Mass Casualty Preparedness Draws Hundreds

Mass shootings are becoming commonplace. This year alone, over 300 mass shootings have taken place across the country. That is why hospitals are doing their best to prepare. In what was a riveting presentation about 100 students and medical professionals packed into the Boniface Auditorium at CHI St. Alexius this morning to learn how to act, and possibly save additional lives when terror strikes.

16 months ago Dr. Kevin Menes was your normal doctor of emergency medicine working at Sunrise Hospital and Medical Center in Las Vegas but his life was changed forever the night of October 1, 2017, when Stephen Paddock opened fire on tens of thousands of concert-gores just down the street from his hospital.

In the hours that followed, Menes and his team would treat over 200 victims for gunshot wounds.

Those in attendance this morning heard the amazing story, about the steps he and his coworkers took to save as many lives as possible on that horrible night.

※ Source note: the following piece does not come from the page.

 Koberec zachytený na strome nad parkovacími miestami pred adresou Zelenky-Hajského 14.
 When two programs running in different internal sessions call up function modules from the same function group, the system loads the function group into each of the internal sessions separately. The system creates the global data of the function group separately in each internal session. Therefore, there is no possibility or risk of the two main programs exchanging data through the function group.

He tells KX News since then, he's dedicated his life to teaching others in the medical field what to do and how to act in such chaotic situations...

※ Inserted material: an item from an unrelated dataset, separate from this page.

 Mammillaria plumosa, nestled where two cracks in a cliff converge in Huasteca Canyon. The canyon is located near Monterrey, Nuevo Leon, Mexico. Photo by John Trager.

"So I go around the world trying to teach how we could potentially save everybody in a mass casualty event, so that people don't have to die at the hands of a crazed, lunatic," said Dr. Kevin Menes.

Menes tells KX News a mass casualty event is any event where there are more victims than available individuals to treat can range from two, to thousands.

Doris Weiss is the safety and emergency manager at CHI St. Alexius's her job to make sure things go smoothly if terror strikes Bismarck, she says this was an eye opening experience.

"I'm going to go back and re-evaluate our plans, I think a lot of those suggestions that he put in place there, would be quite beneficial here because they handled a huge amount people with a small amount of employees, and those are the same situations we're facing here,” said Doris Weiss, Safety and Emergency Manager with CHI St. Alexius Health.

Some of those suggestions included keeping security tight to make sure no shooter can enter the hospital and kill additional victims as well as grouping the victims by the severity of their injuries. Students in attendance say they learned quite a lot from the presentation.

"It actually blows my mind, I came because I was interested because I actually had some friends that were at the incident and it all blew my mind to see all the behind the scenes of it, because you hear about all the people that were saved and everything that happened and it's just crazy to me to hear how he handled it all,” said Taylor Vorkman, a senior respiratory therapy student.

Menes spoke to the crowd for over two and a half hours and had the complete attention of the audience, one that certainly hopes to never be in the situation he was in...but if they are, he hopes they can take lessons learned to save just one more life.